Requirement
Pick out the lines below with "giáo" and list them.

Extracted material: Begin

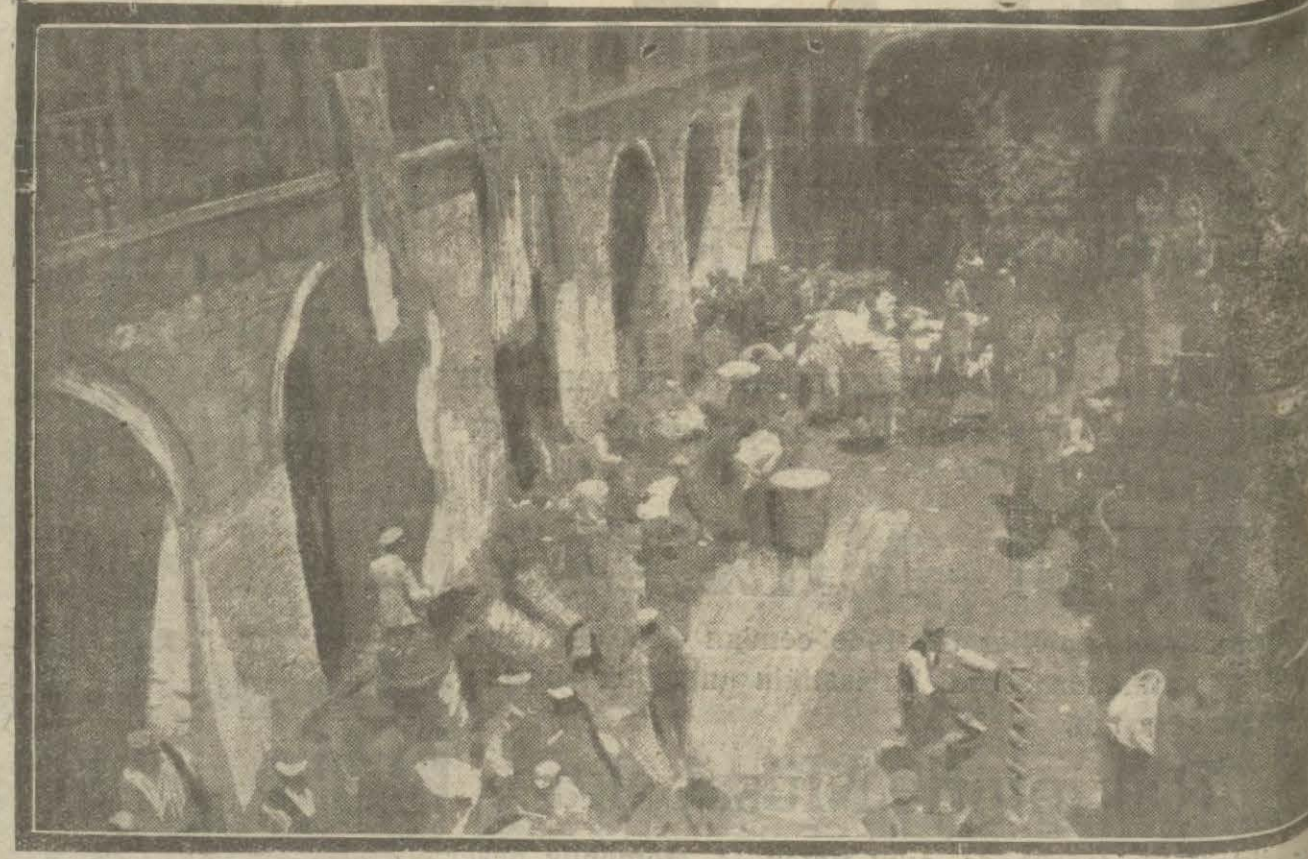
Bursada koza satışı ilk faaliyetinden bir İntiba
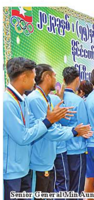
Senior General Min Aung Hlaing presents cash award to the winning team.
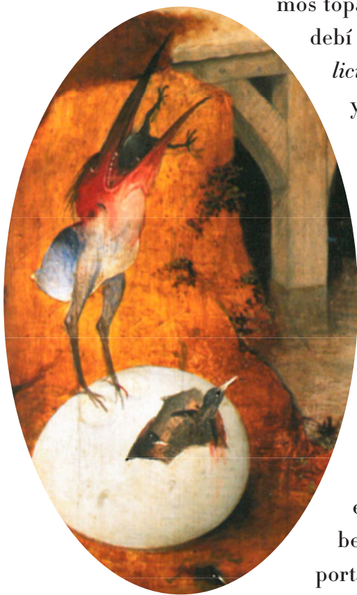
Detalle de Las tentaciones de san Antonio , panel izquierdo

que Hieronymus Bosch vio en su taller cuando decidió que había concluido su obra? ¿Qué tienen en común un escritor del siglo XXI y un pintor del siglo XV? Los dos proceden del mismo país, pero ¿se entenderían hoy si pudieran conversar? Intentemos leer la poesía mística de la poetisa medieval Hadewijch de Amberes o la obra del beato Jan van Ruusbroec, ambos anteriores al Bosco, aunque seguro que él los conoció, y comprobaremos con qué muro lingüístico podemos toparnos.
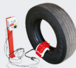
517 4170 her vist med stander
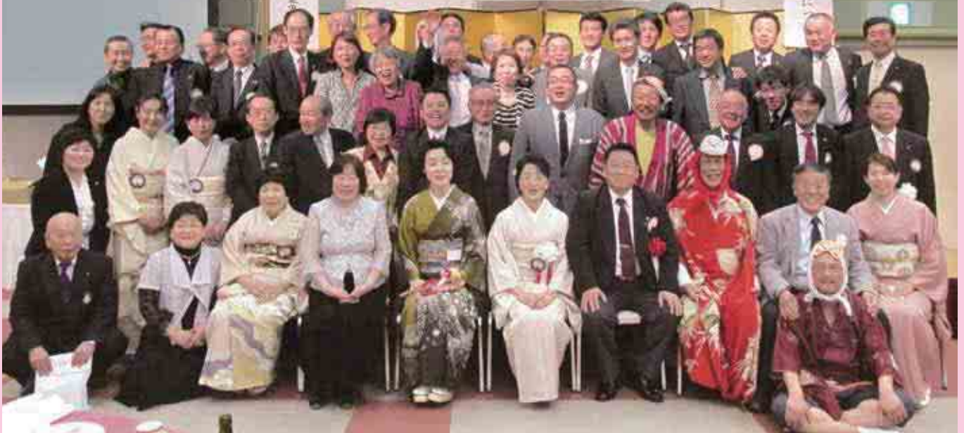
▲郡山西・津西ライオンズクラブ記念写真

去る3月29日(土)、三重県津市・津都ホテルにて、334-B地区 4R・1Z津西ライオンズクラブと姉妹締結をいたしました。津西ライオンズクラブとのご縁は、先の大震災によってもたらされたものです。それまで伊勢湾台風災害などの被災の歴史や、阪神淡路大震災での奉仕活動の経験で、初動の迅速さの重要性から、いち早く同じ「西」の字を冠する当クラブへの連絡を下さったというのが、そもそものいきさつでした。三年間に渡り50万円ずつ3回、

Extracted material: End
Extracted material: Begin

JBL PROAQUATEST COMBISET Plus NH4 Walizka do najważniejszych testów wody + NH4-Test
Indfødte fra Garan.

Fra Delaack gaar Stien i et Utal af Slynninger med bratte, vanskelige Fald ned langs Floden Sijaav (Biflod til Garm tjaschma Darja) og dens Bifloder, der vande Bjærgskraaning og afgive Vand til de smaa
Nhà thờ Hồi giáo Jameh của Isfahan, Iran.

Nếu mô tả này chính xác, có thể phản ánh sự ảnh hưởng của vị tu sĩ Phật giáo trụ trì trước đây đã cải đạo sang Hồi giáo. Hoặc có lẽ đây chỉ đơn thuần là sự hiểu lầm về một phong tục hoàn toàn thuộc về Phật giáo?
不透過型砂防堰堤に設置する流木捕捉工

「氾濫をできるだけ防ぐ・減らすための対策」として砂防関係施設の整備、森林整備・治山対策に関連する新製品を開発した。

Extracted material: End

Exercise answer
Nhà thờ Hồi giáo Jameh của Isfahan, Iran.
Nếu mô tả này chính xác, có thể phản ánh sự ảnh hưởng của vị tu sĩ Phật giáo trụ trì trước đây đã cải đạo sang Hồi giáo. Hoặc có lẽ đây chỉ đơn thuần là sự hiểu lầm về một phong tục hoàn toàn thuộc về Phật giáo?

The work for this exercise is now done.